Earnings Timing Lags and Unwinding of One-Off Benefits
Investors should also brace for near-term quarter-to-quarter volatility. Management guided Q1 2026 FFO to be about $0.03 lower than Q4 2025—moving from $0.47 to roughly $0.43—as several one-off fourth quarter benefits roll off, including termination-related receipts and free-rent burn-off. Lower year-end occupancy will also flow through the income statement. In life science, even as leasing and capital markets activity improve, there is an inherent delay between signing deals, completing build-outs and rent commencement, making the timing of an earnings recovery uncertain and highly dependent on the broader funding environment for lab tenants.

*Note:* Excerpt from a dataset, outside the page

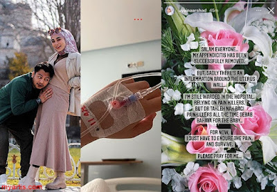 "Assalamualaikum semua. Appendix saya telah pun berjaya dikeluarkan. Tetapi malangnya terdapat keradangan disekitar dinding rahim. Saya masih lagi dirawat di hospital dan bergantung kepada ubat tahan sakit," tulis pengacara dan pelakon Uyaina Arsyad menerusi perkongsian terkini di ruangan Instagram stories.

Janus Living IPO: Strategic Opportunity With Execution Risk
The planned Janus Living IPO represents a pivotal strategic step for Healthpeak’s senior housing business. By contributing its entire senior housing portfolio while remaining a significant shareholder and manager, Healthpeak aims to highlight the value of this high-growth segment and potentially unlock a separate equity currency. However, management acknowledged that the IPO’s timing and structure remain subject to regulatory and market conditions, and the transaction will dilute Healthpeak’s direct ownership in the assets. Importantly, they do not expect it to meaningfully affect 2026 guidance, suggesting that investors should view the IPO as a medium- to long-term strategic lever rather than a near-term earnings catalyst.

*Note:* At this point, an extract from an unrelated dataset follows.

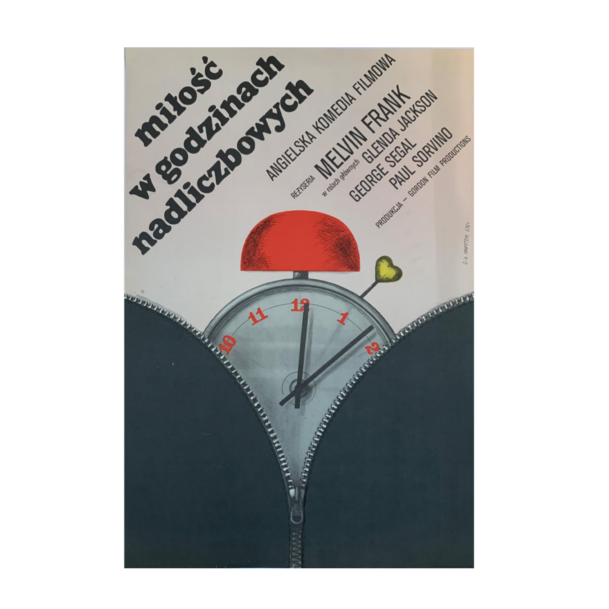 This charming vintage Polish poster was designed by Krzysztof Nasfeter in 1976 to promote the British film ‘Milosc w Godzinach Nadliczbowych’ (A Touch of Class) starring Glenda Jackson and Paul Segal.

Forward-Looking Guidance: Cautious Near Term, Optionality Longer Term
Looking ahead, Healthpeak’s 2026 outlook is deliberately conservative, with FFO as adjusted guided to $1.70–$1.74 per share and same-store NOI projected to be roughly flat at the portfolio level. The company plans about $500 million of CapEx in 2026, reflecting continued investment in development and repositioning, particularly in labs and senior housing. With $2.4 billion in liquidity and leverage around 5.2x net debt to adjusted EBITDA, the balance sheet provides room to maneuver through $1.1 billion of refinancing and the planned $1 billion-plus of asset sales and capital recycling. Management stressed that while lab earnings will lag an improvement in leasing and capital markets activity, strong outpatient and senior housing performance, combined with the Janus Living strategy and disciplined capital allocation, should leave the company well positioned when the life science cycle turns.

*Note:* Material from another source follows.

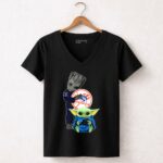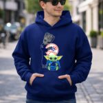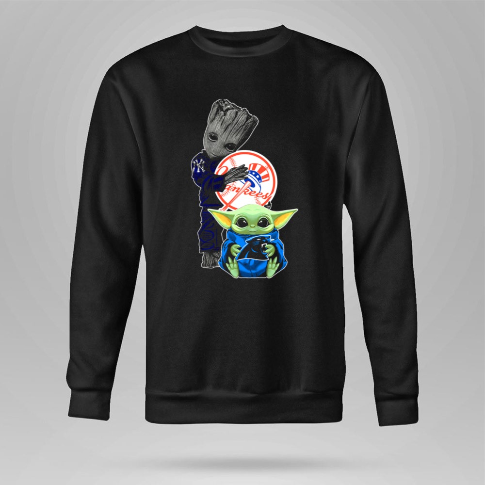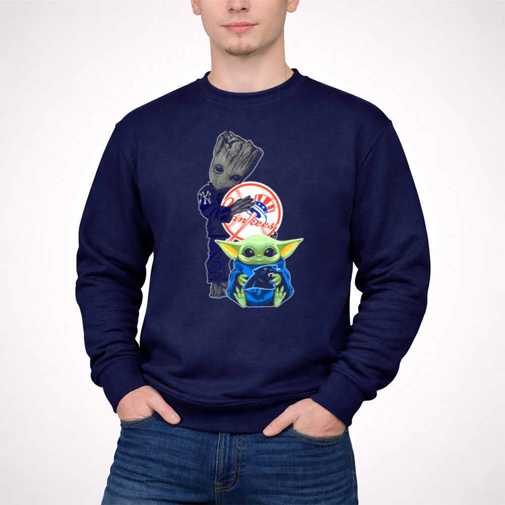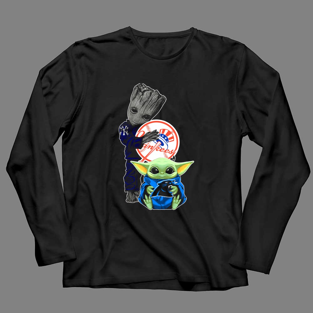 New York Yankees fandom, Groot character merchandise, Baby Yoda apparel, iconic sports mashup, premium cotton t-shirt, baseball culture, pop culture crossover, unique gift for fans

Healthpeak’s earnings call highlighted a portfolio in transition: resilient and growing outpatient and senior housing platforms are increasingly offsetting cyclical weakness in life science labs and the weight of higher interest costs. For investors, 2026 is shaping up as a digestion year, with lower FFO and visible headwinds but also significant strategic progress, solid liquidity and multiple levers for future growth. The company’s ability to execute on leasing in labs, successfully launch Janus Living and manage refinancing costs will be key drivers of sentiment and valuation in the coming quarters.